- A Comissão Europeia vai criticar Itália por não ter uma estratégia industrial robusta e pelas disparidades entre Norte e Sul.
- Define recomendações para reduzir assimetrias regionais, reformar o sistema fiscal e dinamizar o mercado de capitais, previstas para divulgação a 3 de junho.
- Aidesa por parte da União visa aumentar a competitividade italiana e acelerar reformas, com foco no mercado de capitais e em uma política industrial mais coesa.
- A Comissão critica o regime fiscal italiano pela dependência excessiva da tributação sobre o trabalho e pela taxa única para trabalhadores independentes, considerando-o complexo e menos progressivo.
- Sugere tornar o sistema fiscal mais favorável ao crescimento sustentável, combatendo evasão fiscal e reduzindo despesas fiscais, incluindo IVA e subsídios prejudiciais ao ambiente.

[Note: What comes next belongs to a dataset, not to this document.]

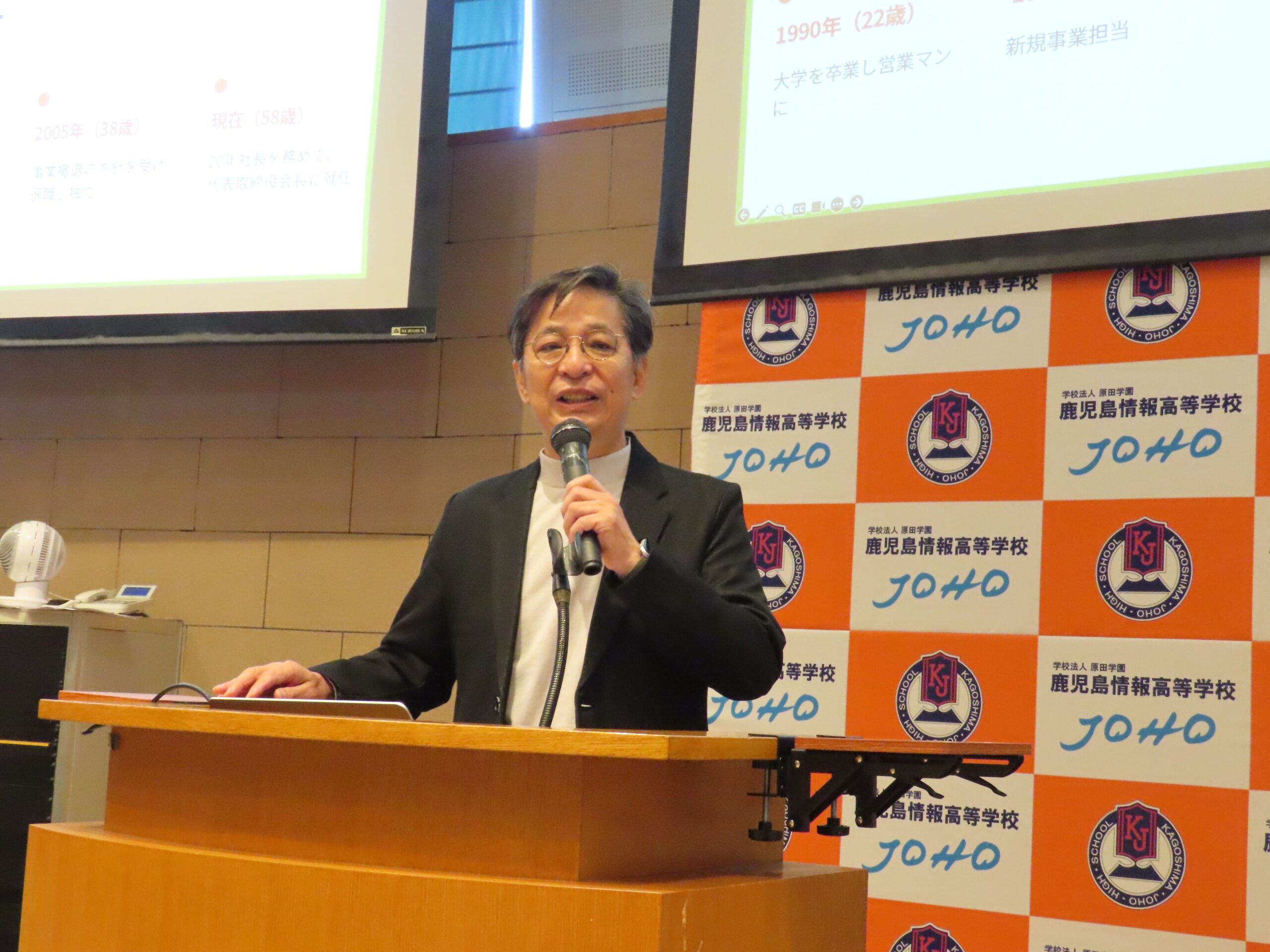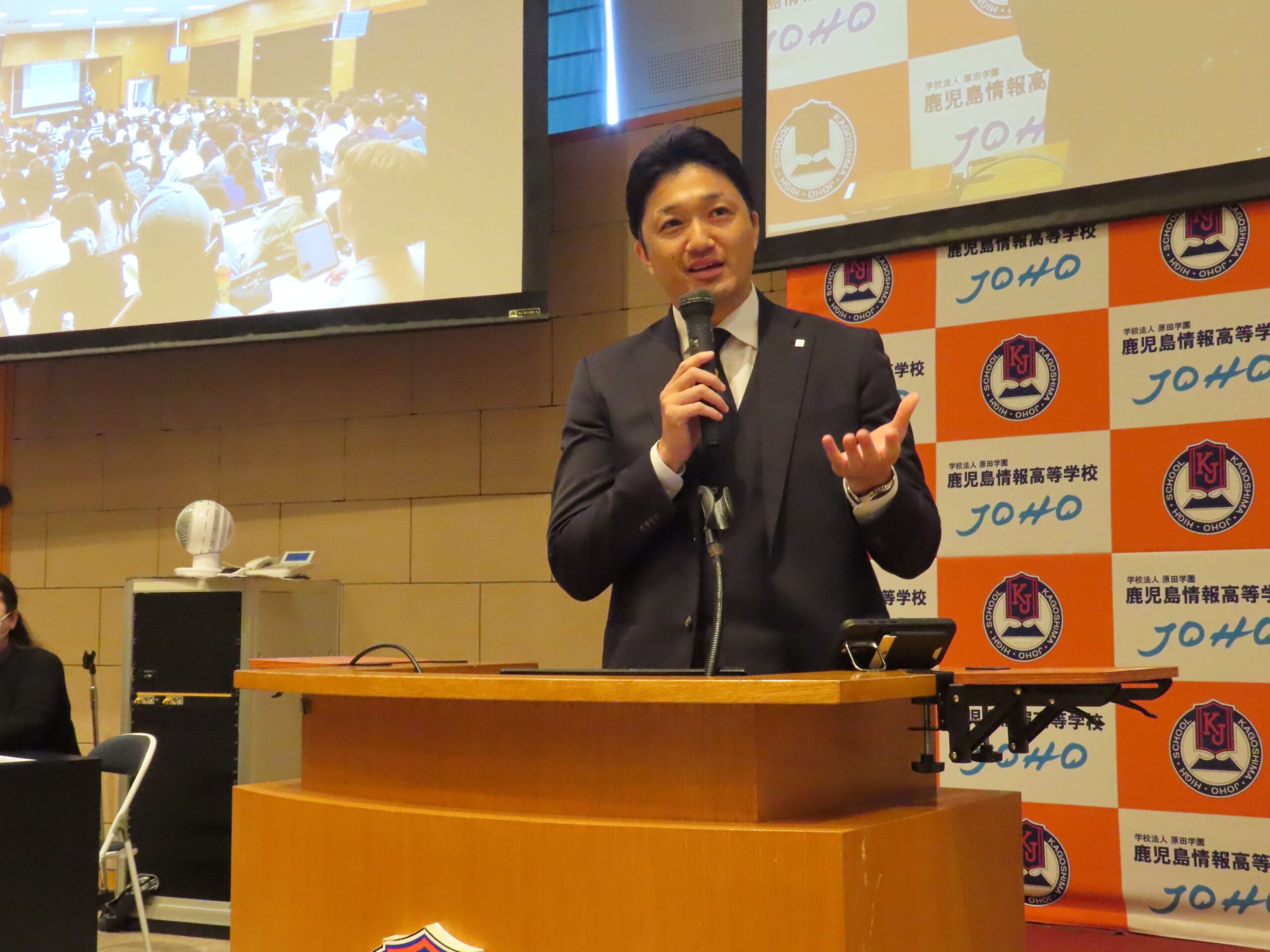 鹿児島情報高等学校は1年生の生徒375名、会員企業44社82名の経営者・社員の皆さんが参加されました。

A Comissão Europeia vai divulgar recomendações específicas para Itália, incluindo uma estratégia industrial, reformas fiscais e estímulo ao mercado de capitais. As propostas devem sair amanhã, 3 de junho, com foco em reduzir disparidades regionais.
Segundo o documento a que a Euronews teve acesso, a estratégia italiana é considerada fraca, com falta de prioridade a setores estratégicos e fragmentação de incentivos. O Norte e o Sul apresentam grandes diferenças de produtividade e infraestruturas defasadas.
A Comissão pretende ainda promover a mobilização de poupança e o crescimento dos mercados de capitais, para facilitar o financiamento de empresas e a inovação. A meta é reforçar a competitividade italiana na arena europeia.
Estratégia industrial
O texto critica a ausência de medidas de política claras e de uma governação integrada para a política industrial, apesar do livro branco Made in Italy 2030. A Comissão solicita uma estrutura de governação mais efetiva.
A relação entre políticas industriais, de infraestruturas e de investigação é apontada como deficiente, limitando a coordenação entre autoridades nacionais. A proposta envolve maior alinhamento entre áreas prioritárias.
Sistema fiscal
A Comissão enfatiza que o regime fiscal italiano depende excessivamente da tributação sobre o trabalho, o que pode frear o crescimento económico. Propõe reduzir dependência de fontes de receita menos prejudiciais ao crescimento.
Sugere transferir parte da carga para outras vias, com reforço à fiscalização e combate à evasão, além de reduzir despesas fiscais ligadas ao IVA e a subsídios com impactos ambientais.